The Nandor are referred to as 'Pereldar' in earlier writings. JRRT abandoned this and used Pereldar as Cian has said.


----------



## gate7ole (Oct 6, 2002)

Something that I recently read, seems to clarify the problem with Gildor’s origins.
In the HOME series, it is shown how the Silmarillion evolved throughout the course of the history. Up to 1938 (that is the year Tolkien started writing Lotr), the three houses of the Noldor were Feanor, Finfolfin and Firnod. Finafrin was still absent. Finrod’s son was not called Finrod of course, but just Felagund. So Finrod was the 3rd son of Finwe who did not return to ME.
At this time Tolkien started writing the first chapters of FOTR. We read in HOME VI:
“At this time Finrod was the name of the third son of Finwe. This was later changed to Finafrin, but my father did not change ‘of the house of Finrod’ to ‘of the house of Finarfin’ in the second edition of LOTR.
This clarifies a lot. Gildor was ‘of the house of Finrod’ but he was actually born in Valinor. The name of his house originated from the earlier conception of the Silamrillion, where Finrod was Finwe’s son and it was not changed afterwards. So, I think it is almost definite to say that Gildor was a High-Elf that had once lived in Valinor and came from Finarfin’s (emended from Finrod’s) house.
These all maybe not be that important to most, but in case someone wondered…


----------



## Ceorl (Oct 6, 2002)

I am afraid I have to disagree there. The Lord of the Rings was also being reviewed and rewritten throughout its creation, such a glaring error would doubtless have been fixed, later on. To me it is obvious that JRRT rather choose to leave it in as an indication that Gildor was of the house of Finrod Felagund. Much like Tolkien chose to leave the statement in the Green Dragon about the walking tree;IMO to give readers some kind of taste of Ents so as to provide points of reference later on.

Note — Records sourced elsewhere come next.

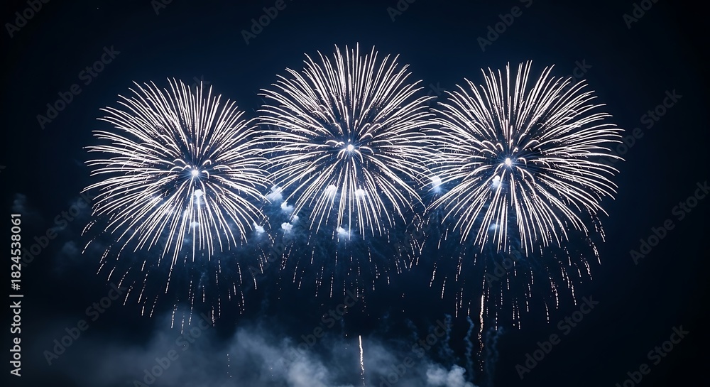 Spectacular fireworks display illuminates the night sky with vibrant bursts of light creating a mesmerizing and celebratory atmosphere perfect for capturing #1824538061
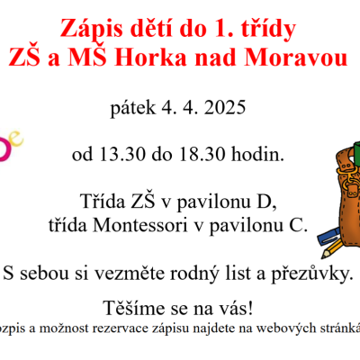 ZŠ a MŠ Horka nad Moravou, p.o., přijme učitele/ku II.stupně základní školy s aprobací český jazyk a výtvarná výchova na zástup za nemoc do konce školního roku 2024/2025. Úvazek: 1,00, nástup ihned. P...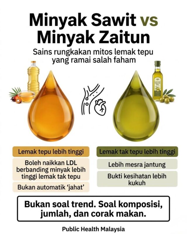 Jika ditanya, mana yang lebih baik untuk kesihatan jantung—minyak sawit atau minyak zaitun? Jawapannya adalah minyak zaitun. Tetapi jika ditanya adakah minyak sawit perlu dianggap sebagai musuh utama, jawapannya tidak begitu mudah.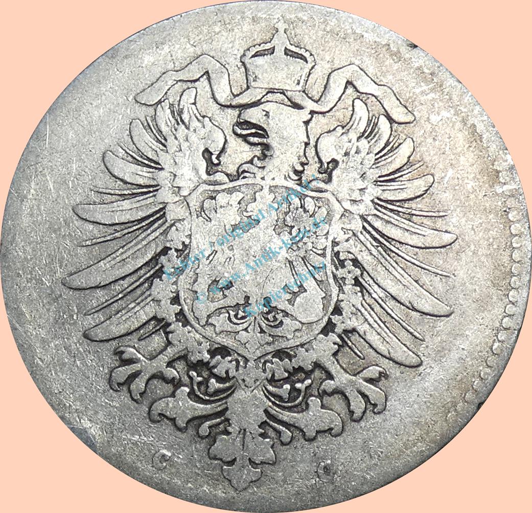 1 Mark Kursmünze -kl. Adler- 1874 C -deutsches Kaiserreich- s J.9 -0909-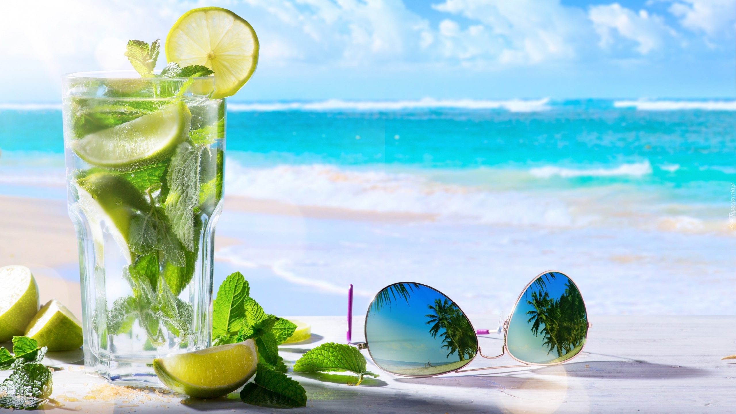 Edytor tapety: Lemoniada z limonkami w szklance obok okularów przeciwsłonecznych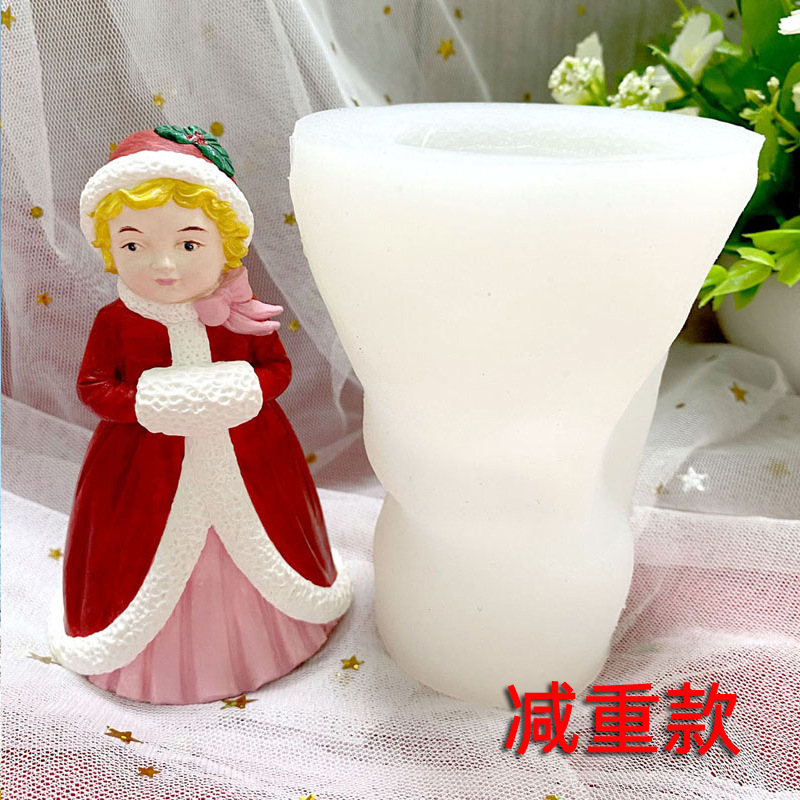 クリスマスのアイデアの女の子のろうそくのフランスのムースのチョコレートのシリコンの鋳型の石膏のアロマケーキの置物の模型

However I doubt very much that Tolkien would have left that name in, if he intended it to be Finarfin.


----------



## gate7ole (Oct 6, 2002)

But follow my thought:
Tolkien writes that Gildor is from Finrod's house, meaning the 3rd son of Finwe. The first edition of LOTR is published. Then Tolkien changes some names anf Finrod becomes Finarfin. After a while, he has to make the appropriate changes to LOTR. He tries not to confuse many people and stick to the necessary changes only. Gildor's origins either from Finrod or from Finarfin don't change the meaning that he is a High-Elf. So, he lets it be the same.
Of course I can't know how Tolkien thought but this is what I believe happened.


----------